Among MTV's core 12-34 demographic viewership has fallen 11%. During the same period, prime-time viewership decreased 3 percent in that age group and viewing for young men is down 7 percent since last fall. People in this age group do a little more than one-quarter of their TV-watching during traditional prime time, down 10 percent in four years, Nielsen said.

"We are always trying to understand our audience and their preferences. It's just good business practice," said Betsy Frank, Chief Researcher for MTV Networks. "I thought there might be more videogame playing during the earlier hours or fewer shows on between 8 p.m. and 11 p.m. that they want to want, but the reality is our audience is just going belly up much more quickly than anyone realized."

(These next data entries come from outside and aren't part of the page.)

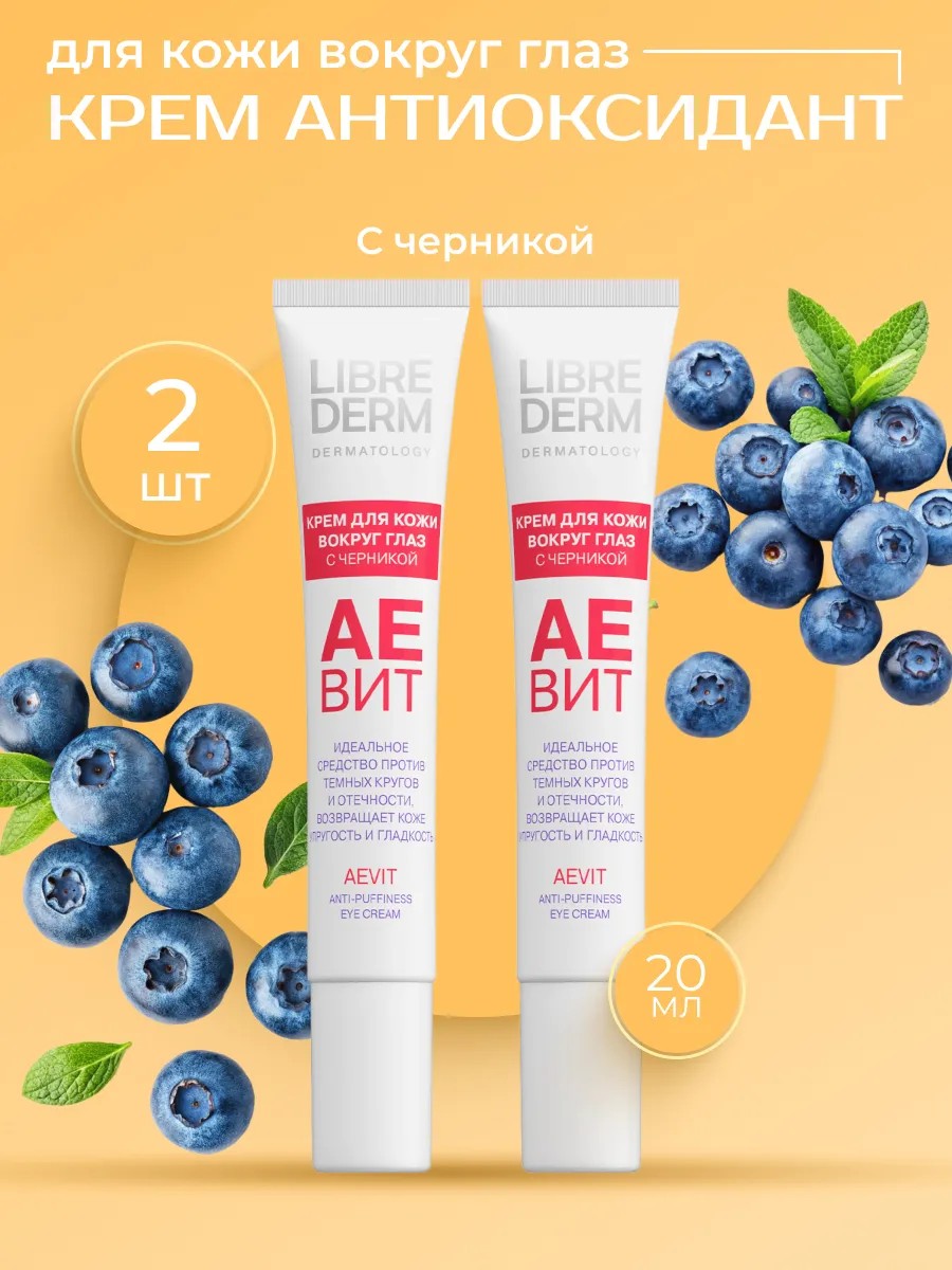 АЕВИТ крем с черникой против отеков для кожи вокруг глаз 20 мл 2 шт. Нежный увлажняющий крем AEVit с черникой предназначен для комплексного ухода за тонкой кожей вокруг глаз: избавляет от мешков и темных кругов под глазами, питает и защищает кожу. Питательный крем помогает в борьбе против морщин и синяков вокруг глаз и делает кожу упругой. Витамины А и Е в синергии восстанавливают эластичность кожи, ускоряют процессы регенерации и обновления клеток, защищают клетки от старения, обеспечивают мощное антиоксидантное воздействие. Экстракт черники богат витаминами А,В1,В2,С,РР и микроэлементами, благодаря чему питает и успокаивает нежную кожу вокруг глаз. Омолаживающий крем с пептидами протеина сои и гидролизованного рисового протеина борется против отеков и предупреждает появление морщин и дряблость кожи. Способ применения: небольшое количество крема наносить на чистую кожу вокруг глаз легкими похлопывающими движениями подушечек пальцев утром и вечером за 1,5 - 2 часа до сна. C уважением и заботой, Ваш Librederm / Либридерм / либридерм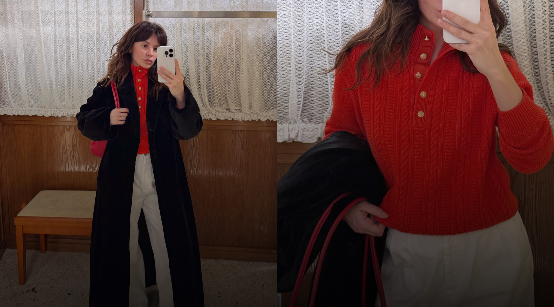 Сочетание алого с белым даже кэжуал делает торжественным — в таком виде можно отправиться завтракать первого января в пустой город. Сверху накидывайте шубу: образ получится особенно кинематографичным.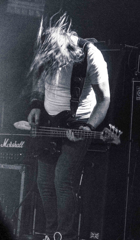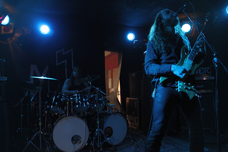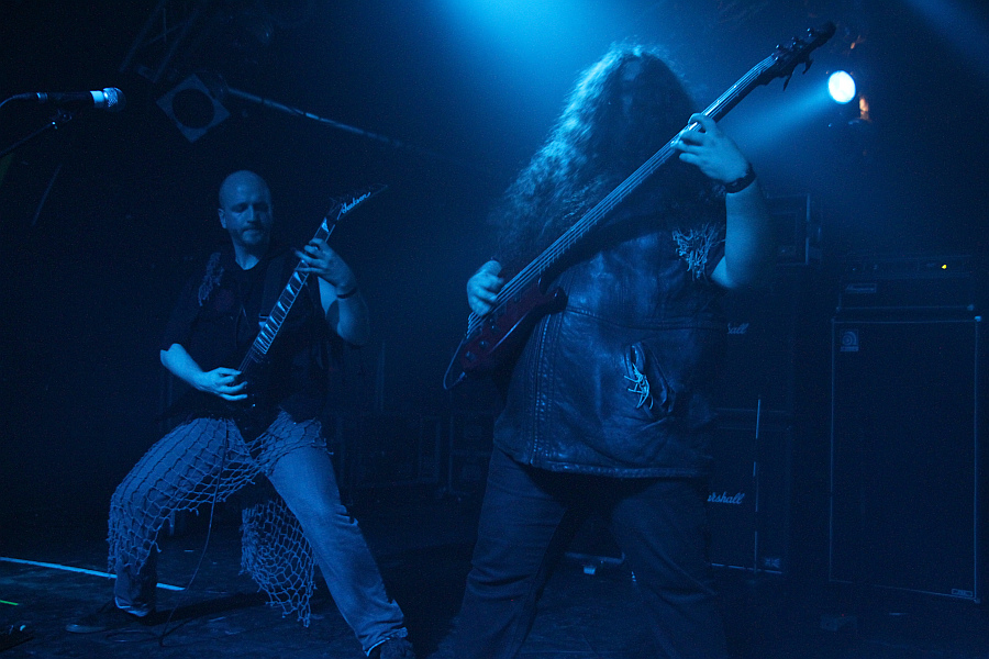 BölzerAn diesem Samstag findet nicht nur das Hell Over Hammaburg statt, sondern auch eine Kundgebung zur Lampedusa-Problematik. Das sorgt für Staus rund um den Hamburger Hauptbahnhof und eine länger als geplant dauernde Anreise. Um 15.45 Uhr, also eine Viertelstunde vor Programmbeginn, steht man vor der Markthalle, die Abfertigung geht zum Glück zügig, so dass man rechtzeitig in der kleinen Marx steht, um BÖLZER zu sehen. Das Duo aus der Schweiz eröffnet das Spektakel in diesem Jahr und ist selber eine spektakuläre Band. Sänger und Gitarrist KzR ist ein echter Hüne mit dickem Rauschebart, hat das Mikrofon in bester Lemmy-Manier so hoch eingestellt, dass er beim Singen darunter hängt und hämmert mit Drummer HzR einen brutalen Mix aus Sludge und Black Metal in die Menge. Mit ihrer Debüt-EP "Aura" haben sich die Schweizer schnell Kultstatus erspielt und werden recht begeistert aufgenommen. In einfarbiges, dunkel eingestelltes Licht gehüllt, entfacht der rohe, derbe Sound eine eindringliche Wirkung und man fühlt sicht von dem mächtigen Inferno direkt zu Anfang ein bisschen überrollt. Insgesamt sieben Songs werden heruntergeholzt, also die drei vom Demo "Roman Acupuncture", die drei EP-Tracks sowie ein bislang unveröffentlichter. Sollte man mal gesehen haben.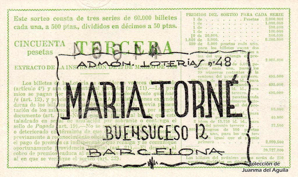 Décimo: 44664 serie 2ª fracción 3ª de la administración nº 48 de Barcelona. MARIA TORNÉ
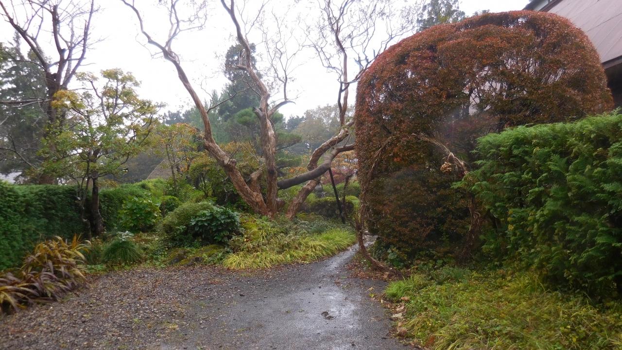 秘湯とレトロ旅館を巡る旅の最後は重伝建で締めくくる。金ヶ崎町には伊達藩の要害を中心とした武家町が残っており、街路に面して屋敷が生垣と屋敷林に囲まれているのが特徴だった。保存地区全体が林の中に佇んでいるようで、折からの雨で緑と紅葉がしっとりと鮮やかだった。
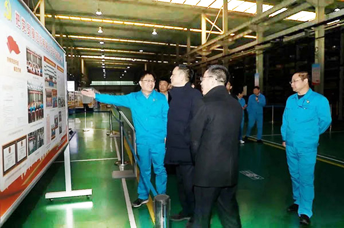 郑砚国一行参观了九游(中国)展厅,详细了解了企业的发展历程及产品装备在国家各重点工程中的应用情况。郑砚国一行还深入车间,走进企业生产一线,对我公司电气产品制造、党组织建设进行了参观,对企业先进的智能化生产设备、严谨的生产流程进行仔细观看。在座谈中,楚金甫首先向郑砚国一行的到来表示欢迎,并介绍了集团的整体发展情况。九游(中国)集团党委委员、九游(中国)电气党总支副书记张瑜霞详细介绍了企业近年来持续开展“五融”党建工作法所取得的成就。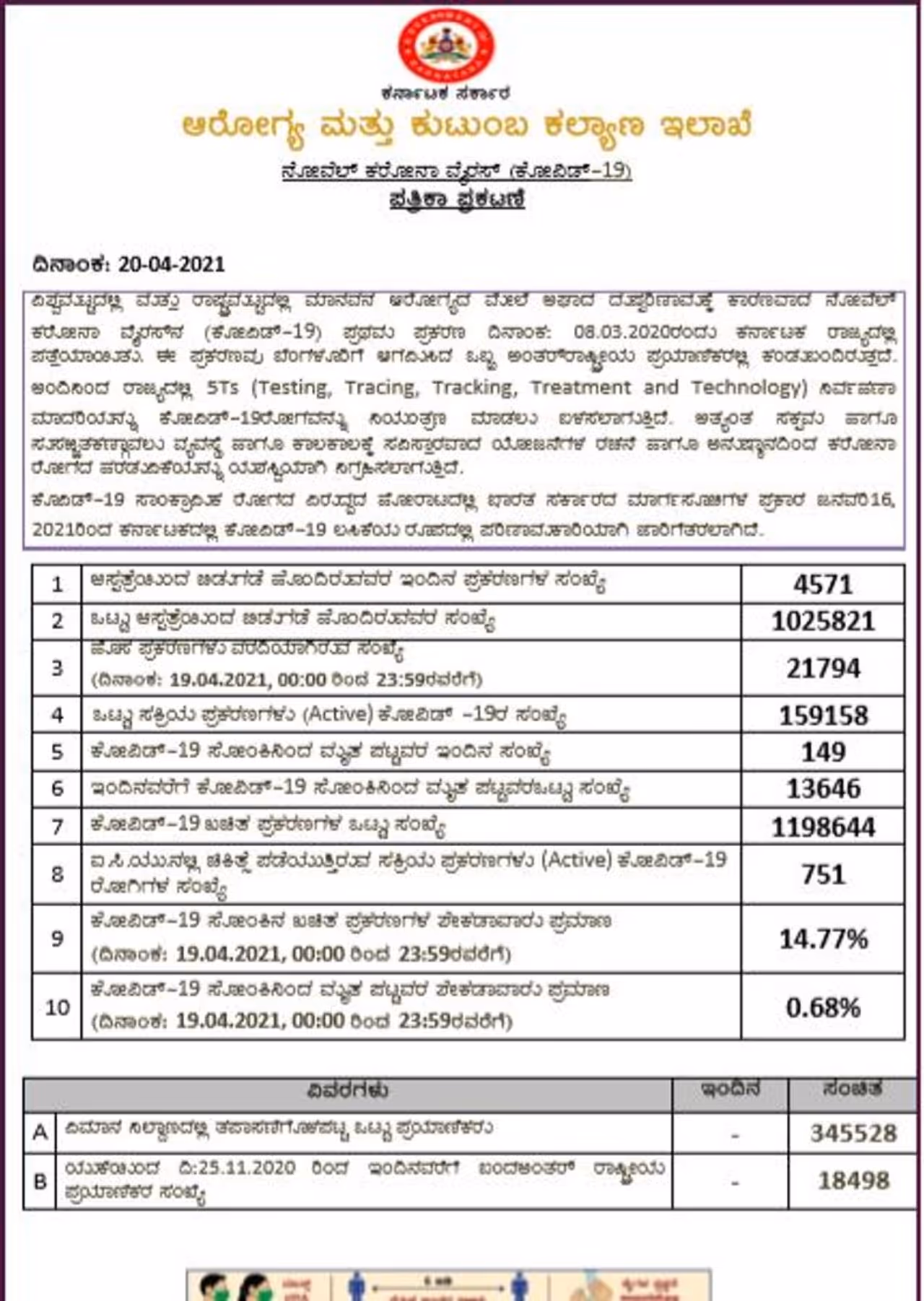 ಕರ್ನಾಟಕದಲ್ಲಿ ಕೊರೋನಾ ಎರಡನೇ ಅಲೆ ಅಬ್ಬರ/ ಹಿಂದಿನ ಎಲ್ಲ ದಾಖಲೆಗಳನ್ನು ಮುರಿದ ಮಹಾಮಾರಿ/ ಒಂದೇ ದಿನ ಇಪ್ಪತ್ತು ಸಾವಿರ ಪ್ರಕರಣ/ ಬೆಂಗಳೂರಿನಲ್ಲಿ 13782 ಪ್ರಕರಣ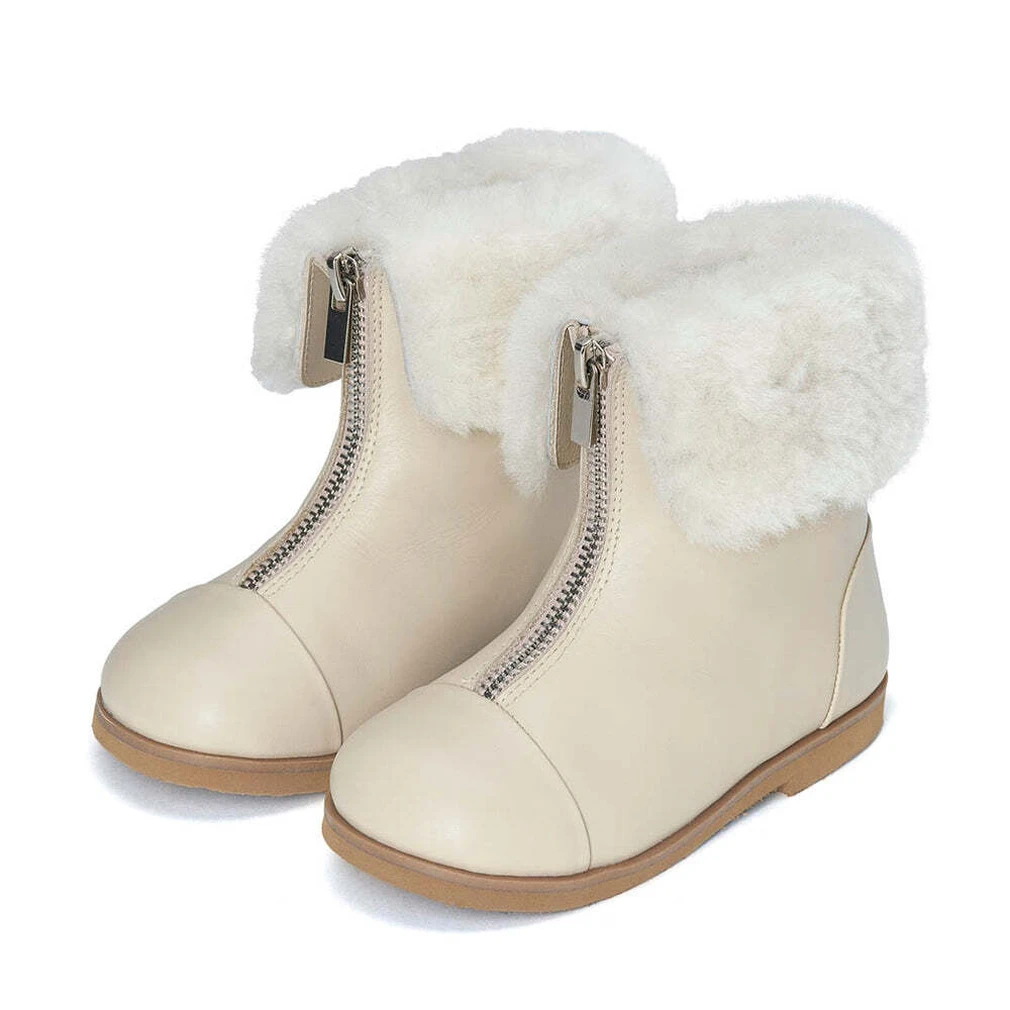 Сапожки Ivy 3.0 выполнены из натуральной кожи разных оттенков. В качестве подкладки использована 100% натуральная овчина. Белый широкий меховой отворот не только украшает ботиночки, но и придает им дополнительное тепло. В ботиночках Ivy можно смело отправляться в зимнее путешествие и встречать праздник на воздухе у настоящей новогодней елки.

The study identified activities generally identified by youths as being boring, such as baseball, politics, news, and golf, and then found that when compared to Rock Music, not only do participants in those activities have substantially longer lives, fans of those activities live longer as well. Ted Williams lived to 84; Senator Robert Byrd to 87; Walter Cronkite to 88 and Byron Nelson to 92. In contrast, Buddy Holly, Jimi Hendrix, James Dean, Kurt Cobain and Janis Joplin all died before they were 30. Over one hundred elderly football fan deaths were reported as a direct result of Janet Jackson's Superbowl XXXVIII half-time show.

"I suppose it is the classic 'quantity versus quality' argument," said Dr. Gunther Uberflassen, Mudcat Falls Community College Adjunct Professor of Psychology, who has reviewed the study and devised his own an empirical measurement of boredom. "But then again advertisers cannot sell to dead people."

MTV, a division of Viacom, has announced no schedule changes to include more sedentary programming to retain and grow a larger audience share. While insurance companies consider preferred rates based on the so-called Uberflassen Amusement Threshold Scale, the nation's trial lawyers are struggling to understanding the legal implications of the study.

"I mean, who do we sue first? MSNBC, C-SPAN and Major League Baseball for the willful infliction of mental anguish," lamented local attorney Steve Dallas, "Or MTV and the producers of Jackass for wrongful death?"